The MOE Key Lab for Neuroinformation, University of Electronic Science and Technology of China, Chengdu, People's Republic of China.
State Key Laboratory of Brain and Cognitive Science, Beijing MR Center for Brain Research, Institute of Biophysics, Chinese Academy of Sciences, Beijing, China.
Hum Brain Mapp. 2020 Oct 15;41(15):4442-4453. doi: 10.1002/hbm.25136. Epub 2020 Jul 10.
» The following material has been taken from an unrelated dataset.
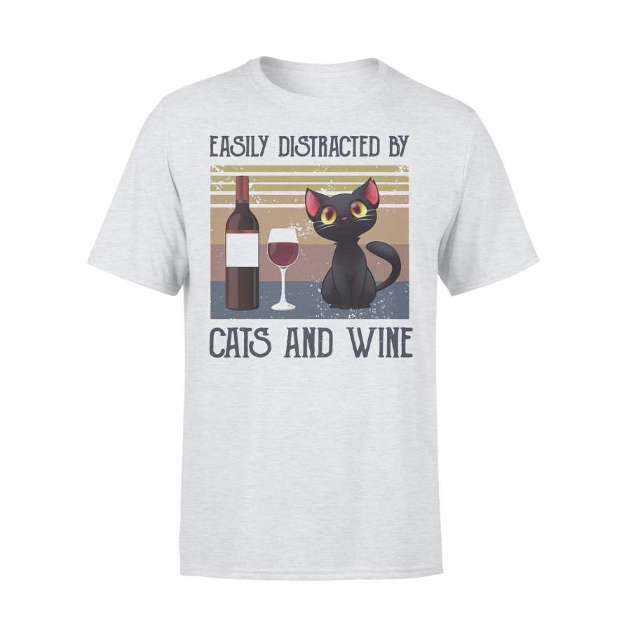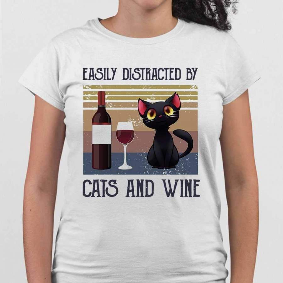 Easily Distracted By Cats And Wine Vintage T-shirt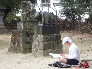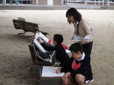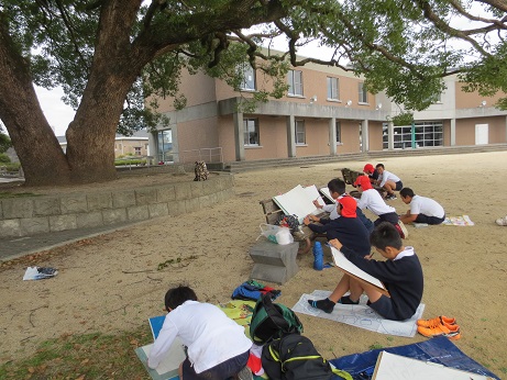 少し肌寒い季節になりましたが、天気に恵まれ、学校の外に写生に出かけました。子どもたちは、自分たちが育ったふるさとの風景画を描きました。それぞれの場所で集中して下書きを描き、充実した時間を過ごすことができました。学校で色塗りをして仕上げていきます。

Visual perceptual decoding is one of the important and challenging topics in cognitive neuroscience. Building a mapping model between visual response signals and visual contents is the key point of decoding. Most previous studies used peak response signals to decode object categories. However, brain activities measured by functional magnetic resonance imaging are a dynamic process with time dependence, so peak signals cannot fully represent the whole process, which may affect the performance of decoding. Here, we propose a decoding model based on long short-term memory (LSTM) network to decode five object categories from multitime response signals evoked by natural images. Experimental results show that the average decoding accuracy using the multitime (2-6 s) response signals is 0.540 from the five subjects, which is significantly higher than that using the peak ones (6 s; accuracy: 0.492; p < .05). In addition, from the perspective of different durations, methods and visual areas, the decoding performances of the five object categories are deeply and comprehensively explored. The analysis of different durations and decoding methods reveals that the LSTM-based decoding model with sequence simulation ability can fit the time dependence of the multitime visual response signals to achieve higher decoding performance. The comparative analysis of different visual areas demonstrates that the higher visual cortex (VC) contains more semantic category information needed for visual perceptual decoding than lower VC.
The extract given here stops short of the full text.